Networked systems have always been designed to operate even in the presence of failures, especially in communication links and storage. Until recently other components of such systems had relatively low probabilities of failures and for most networked systems, desired levels of resilience could be achieved using minimal redundancy added in an ad hoc manner. Two opposing trends are likely to make the task of achieving resilience significantly more difficult in the coming years: (a) increasing hardware failure probabilities: with the move towards finer nano-scale fabrication, chips are increasingly vulnerable to soft errors caused by external noise and are increasingly likely to fail early due to fatigue; (b) higher resilience requirements: as critical services continue to migrate to clouds, service providers are compelled into more stringent service-level agreements (SLAs), including higher reliability, higher availability, and tighter guarantees on service times.
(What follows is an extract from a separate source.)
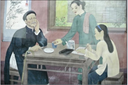 Gia đình nhà thơ Nguyễn Đình Chiểu, tranh lụa của họa sĩ Trương Văn Ý

The above combination can dramatically increase the overhead of existing approaches for achieving desired levels of resilience.
Intellectual merit: The first outcome of this project will be a holistic roadmap for resilience of networked systems. This resilience roadmap will take the roadmaps from the nano-scale CMOS (trends in chip cost, functionality, performance, power, and resilience that can be attained at chip level) and attempt to realistically project the future cost of currently-used networking and systems techniques for achieving desired level of resilience. The second outcome of this project is to develop resilience methods that scale gracefully in the face of increasing hardware failures. Such techniques will use novel partitioned redundancy strategies that achieve reliability at different levels across hardware and software layers. Broader Impacts. The resilience roadmap will provide unprecedented understanding of the trends in resilience and a uniquely realistic assessment of challenges and opportunities. This will significantly influence the research in the hardware as well as networking communities. A systematic design of scalable resilience methods will lead to significantly higher levels of resilience, lower costs - capital (equipment) as well recurring (especially, energy), and/or higher levels of performance. The utilitarian gains to society by the proposed project are likely to be substantial, since networked systems now constitute one of our most critical infrastructures and consume an increasingly large proportion of our resources.
This project will draw upon two different disciplines, hardware architecture and networked systems, and involve detailed case studies and development of completely new theory and techniques, and will therefore provide unique educational and training opportunities for students and working professionals in these fields.
Budget Impact Statement: The item numbers in this paragraph refer to those in Figure 9 and Section 3.2 (entitled 'Proposed Research Tasks and Plan') of our original proposal. We will undertake all tasks and sub-tasks proposed in item-1 (and all its sub-items). In item-2, we will undertake the development of a general framework to consider all basic redundancy schemes and alternative ways of deploying them (sub-item-2.1). We will also characterize the associated tradeoffs (sub-item-2.2) and the consequences of realistic constraints (sub-item-2.3). However, we will pursue the development of prototype tools (as outlined in sub-item-2.4), to the extent necessary to demonstrate the benefits of our approach and to conduct case studies (described in item-3). Finally, we will undertake the case studies as originally proposed in item-3.